__What you will do__: Using the listing below, give again exactly the lines from the line with "Открытие VI Художественно-промышленной" to the line with "Rs 50 to 500", inclusive, without the pictures.

-------- Input data --------

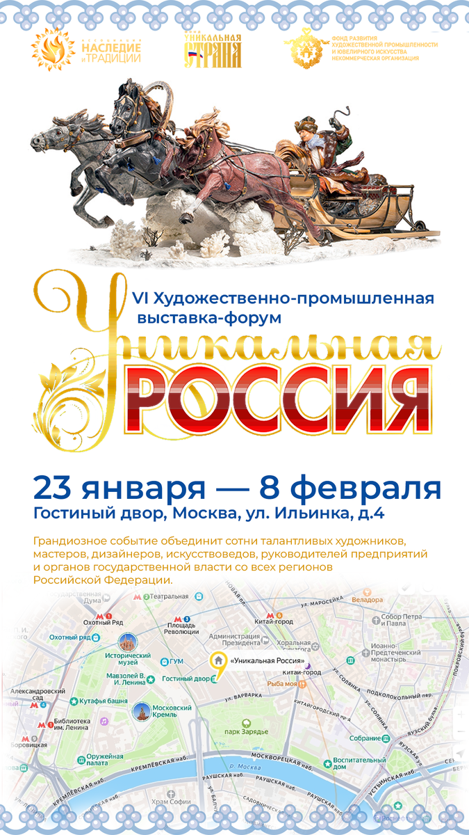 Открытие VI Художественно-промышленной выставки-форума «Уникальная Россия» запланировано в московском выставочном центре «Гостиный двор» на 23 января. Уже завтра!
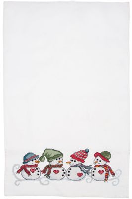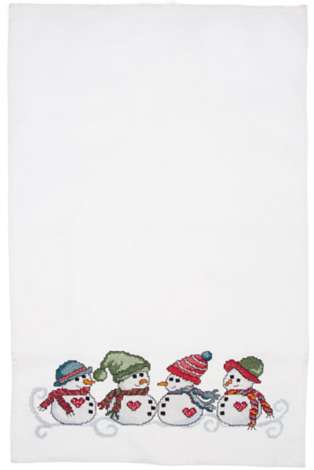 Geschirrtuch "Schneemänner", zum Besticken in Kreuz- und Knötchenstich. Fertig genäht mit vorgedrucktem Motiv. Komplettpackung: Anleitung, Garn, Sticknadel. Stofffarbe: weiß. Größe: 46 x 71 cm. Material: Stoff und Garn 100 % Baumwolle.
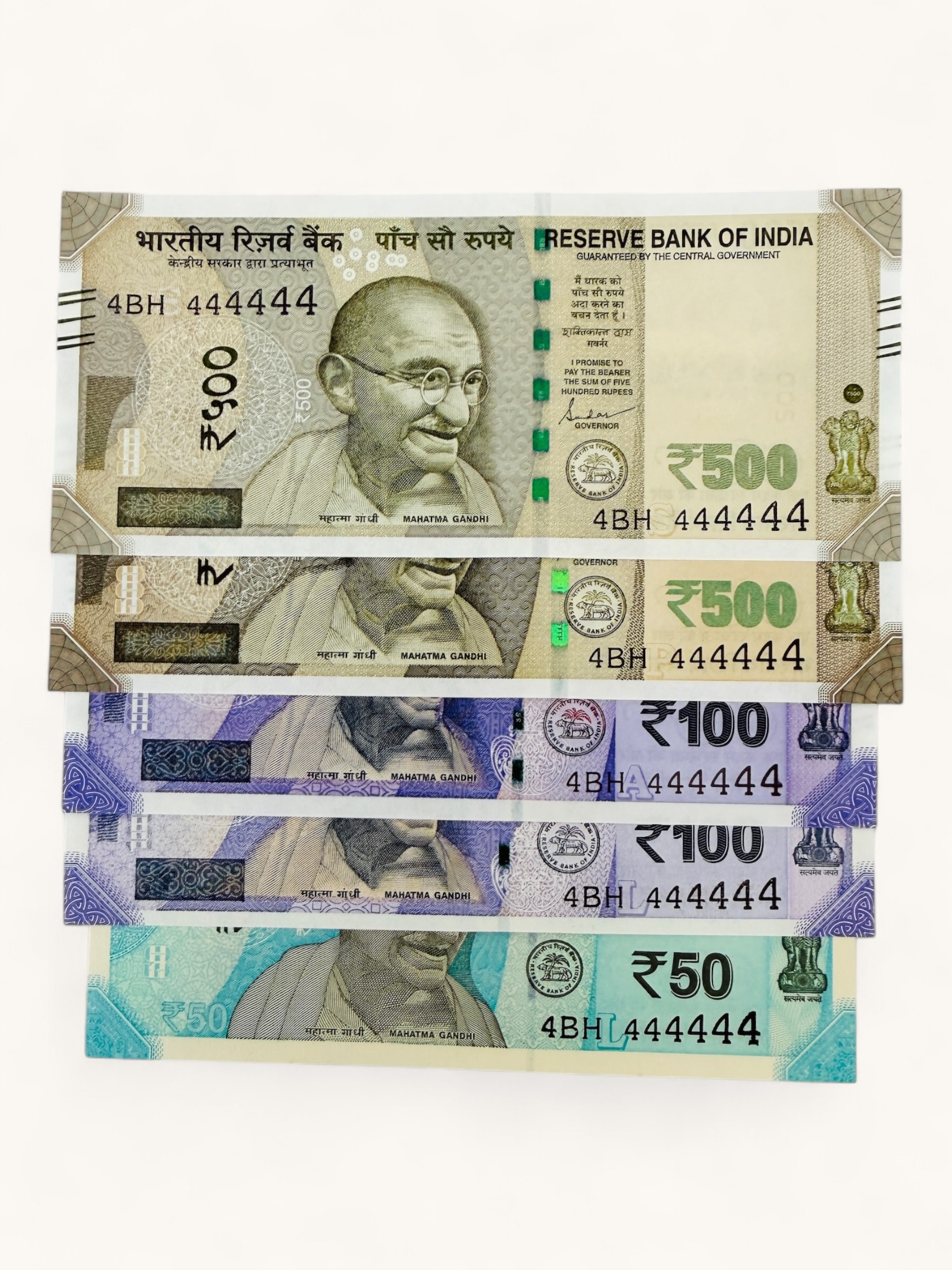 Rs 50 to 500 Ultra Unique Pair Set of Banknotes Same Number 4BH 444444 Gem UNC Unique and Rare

--------
-------- Input data --------

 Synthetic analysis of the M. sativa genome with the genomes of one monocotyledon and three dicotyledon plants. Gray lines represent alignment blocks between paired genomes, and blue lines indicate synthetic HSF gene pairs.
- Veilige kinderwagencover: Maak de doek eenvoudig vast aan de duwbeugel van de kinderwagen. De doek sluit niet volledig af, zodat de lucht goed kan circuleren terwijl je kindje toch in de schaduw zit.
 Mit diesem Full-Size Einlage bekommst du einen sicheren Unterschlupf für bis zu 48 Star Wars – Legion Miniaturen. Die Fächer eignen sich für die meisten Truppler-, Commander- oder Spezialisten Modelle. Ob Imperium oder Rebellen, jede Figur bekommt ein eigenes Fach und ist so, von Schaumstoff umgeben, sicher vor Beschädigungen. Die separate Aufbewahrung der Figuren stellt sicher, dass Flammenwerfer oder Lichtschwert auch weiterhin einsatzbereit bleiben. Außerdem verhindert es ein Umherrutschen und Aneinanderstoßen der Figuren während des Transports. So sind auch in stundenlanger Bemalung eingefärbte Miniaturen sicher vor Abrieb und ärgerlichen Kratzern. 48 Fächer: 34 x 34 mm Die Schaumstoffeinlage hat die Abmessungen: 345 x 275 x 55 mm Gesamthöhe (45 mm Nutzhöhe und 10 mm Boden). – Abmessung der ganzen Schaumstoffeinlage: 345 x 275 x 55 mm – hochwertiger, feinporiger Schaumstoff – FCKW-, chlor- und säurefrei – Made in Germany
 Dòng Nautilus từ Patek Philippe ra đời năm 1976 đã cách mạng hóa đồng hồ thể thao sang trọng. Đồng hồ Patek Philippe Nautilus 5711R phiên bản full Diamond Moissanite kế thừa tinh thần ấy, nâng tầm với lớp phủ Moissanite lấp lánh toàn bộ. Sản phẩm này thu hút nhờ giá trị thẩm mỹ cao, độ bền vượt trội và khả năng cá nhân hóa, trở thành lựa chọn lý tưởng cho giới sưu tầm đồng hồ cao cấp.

--------

__Your solution__:
 Открытие VI Художественно-промышленной выставки-форума «Уникальная Россия» запланировано в московском выставочном центре «Гостиный двор» на 23 января. Уже завтра!
 Geschirrtuch "Schneemänner", zum Besticken in Kreuz- und Knötchenstich. Fertig genäht mit vorgedrucktem Motiv. Komplettpackung: Anleitung, Garn, Sticknadel. Stofffarbe: weiß. Größe: 46 x 71 cm. Material: Stoff und Garn 100 % Baumwolle.
 Rs 50 to 500 Ultra Unique Pair Set of Banknotes Same Number 4BH 444444 Gem UNC Unique and Rare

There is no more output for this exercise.